Food Security on the Brink
One of the most enduring impacts is on food security. The CCCFS notes that floods routinely destroy crops just before harvest, obliterating household incomes and exacerbating malnutrition.
In 2007 alone, the Upper East Region lost an estimated 144,000 metric tonnes of food crops. In 2018, Ghana lost over 127 metric tonnes of maize, while Burkina Faso lost a comparable quantity of rice.
Flood-hit households have reported income losses averaging GH¢4,000, with some losing more than GH¢40,000. For subsistence farmers already living on the margins, such losses are devastating.
Governance Failures and the Call for Reform
At the heart of CCCFS’s statement is a sharp critique of what it describes as a failure of governance and regional cooperation. The Bagre Dam, built in 1993, was constructed without Ghana’s input, despite its downstream location on a shared river.
Although SONABEL provides advance notice of spills, the CCCFS claims that warnings often come too late and are not accompanied by meaningful support for evacuation or preparation.
Surveys reveal that more than 90% of residents along the Volta Basin both in Ghana and Burkina Faso have never heard of the Volta Basin Authority (VBA), the regional body meant to coordinate water governance.
The Water Charter it established remains unratified, and institutions like NADMO are perceived as reactive rather than proactive, distributing relief instead of building resilience.
“Too many households remain in the path of danger not by choice, but because they lack alternatives,” said CCCFS. “They are bound by poverty, ancestral ties, religious beliefs, and institutional mistrust. Warnings alone are not enough.”
Concrete Recommendations
The CCCFS is calling for the urgent creation of a binding Bagre-Kompienga Release Protocol, under the aegis of the VBA. This protocol must include real-time data sharing, predefined spill thresholds, and a joint operations centre active during the spillage season (August–October).
Ghana, the organisation says, must also adopt forecast-based financing releasing resources when climate forecasts predict danger thresholds to enable timely evacuation and safeguard food stocks and livestock.

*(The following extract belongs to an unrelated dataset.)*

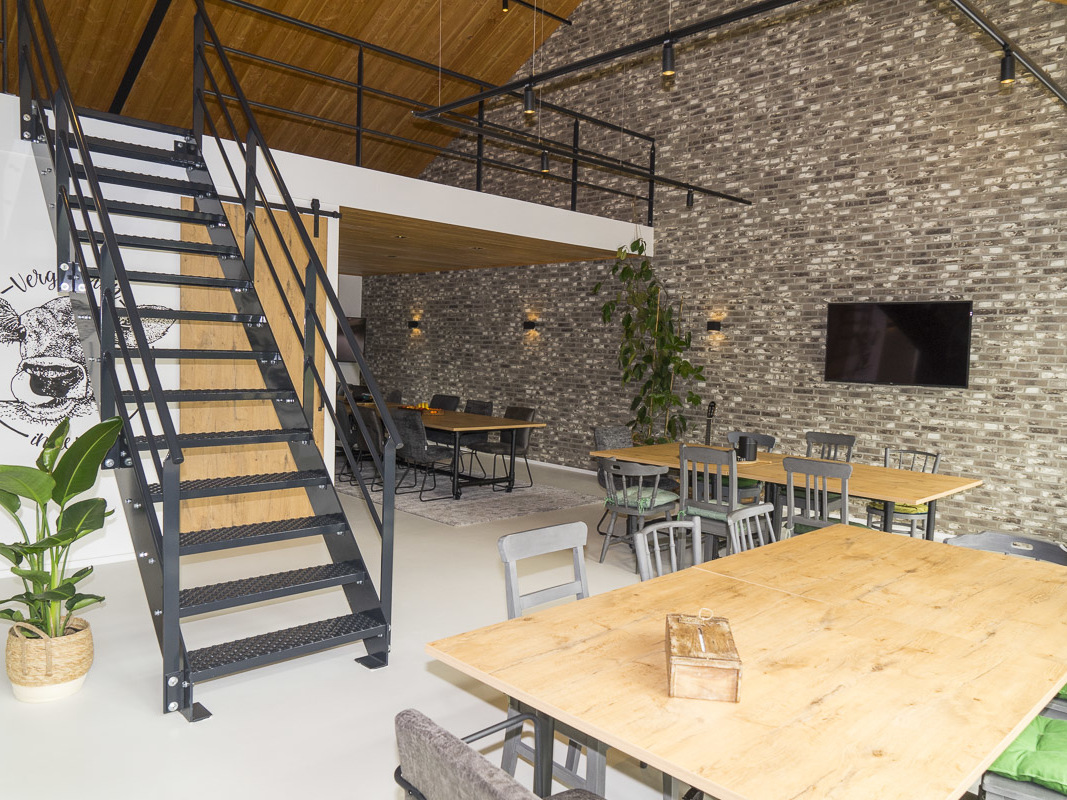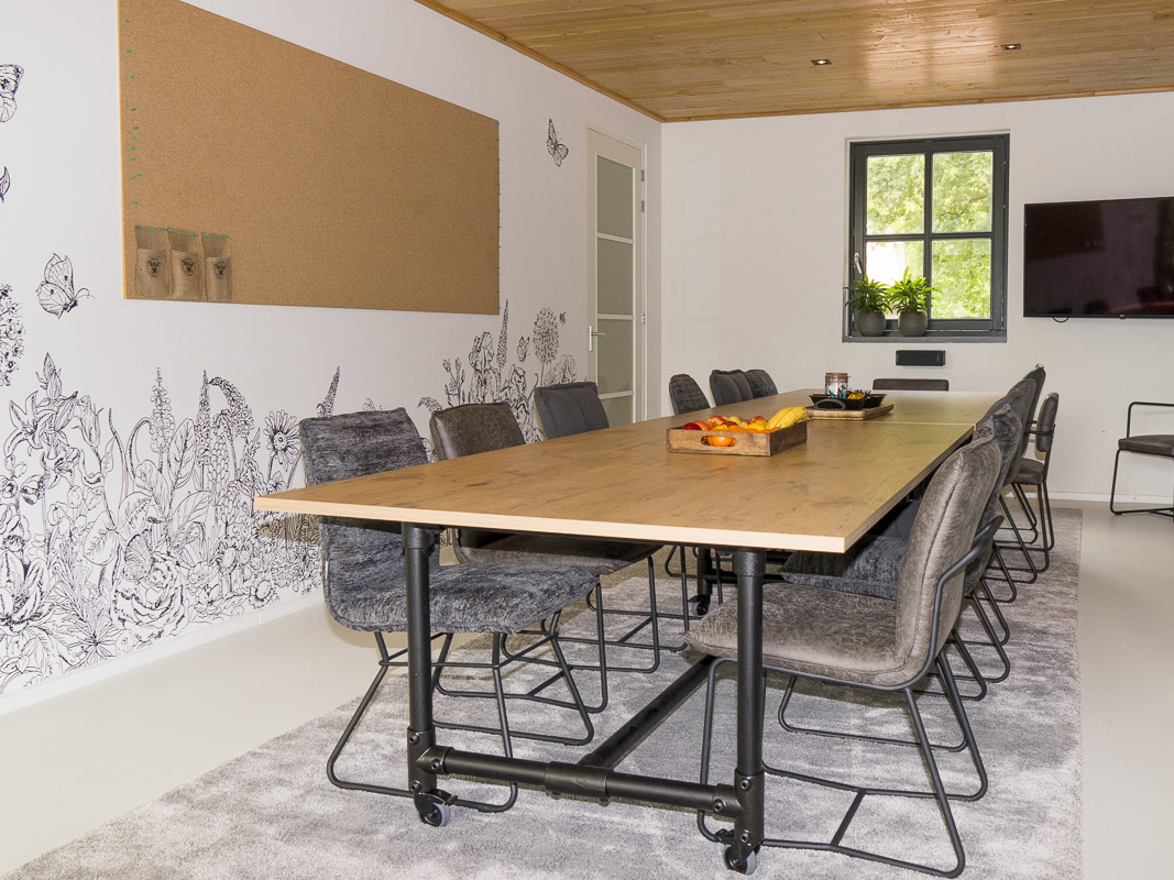 Grote tuindeuren, comfortabel meubilair, veel groen en natuurlijke materialen maken van Vergaderen in de wei een lichte, rustige en sfeervolle locatie. De tuindeuren geven toegang tot het terras op het zuiden, waar tussendoor een spelletje jeu-de-boules gespeeld kan worden. De ruimte wordt exclusief gehuurd, dus privacy is gegarandeerd. Alle denkbare faciliteiten, zoals tv-schermen, flipover en goede wifi, zijn aanwezig. Parkeren kan op het eigen parkeerterrein, waar ook twee laadpalen beschikbaar zijn.
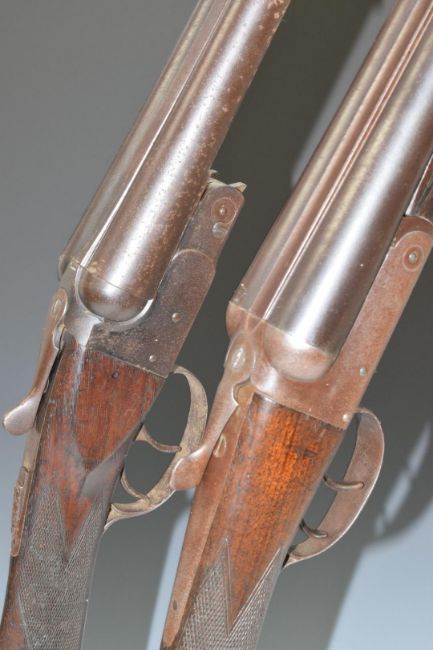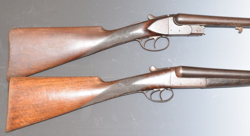 Two 12 bore side by side shotguns, one BSA serial number 34827 the other unnamed serial number 1909. PLEASE NOTE THAT A VALID RELEVANT FIREARMS/SHOTGUN CERTIFICATE IS REQUIRED TO HANDLE/PURCHASE THIS ITEM.

The CCCFS also recommends a shift in flood communication strategy: using trusted local channels such as radio, chiefs, mosques, churches, and social media, with clear instructions tailored to affected communities.
In the long term, structural solutions such as “Room for the River” flood buffers, retention basins like the delayed Pwalugu project, and strict zoning enforcement are needed.
Social interventions including trauma counselling, farm input support, and agricultural insurance schemes must be part of a holistic recovery package.
A Tipping Point
The CCCFS concludes that the latest Bagre spillage must be a turning point. “This is not just a hydrological issue it is a governance crisis,” the statement reads. “Each year of delay leaves the country poorer, hungrier, and less safe.”
The Centre urged both government of Ghana and Burkina Faso, the Volta Basin Authority, NADMO, and all relevant agencies to act with urgency not just to warn, but to prepare; not just to respond, but to prevent.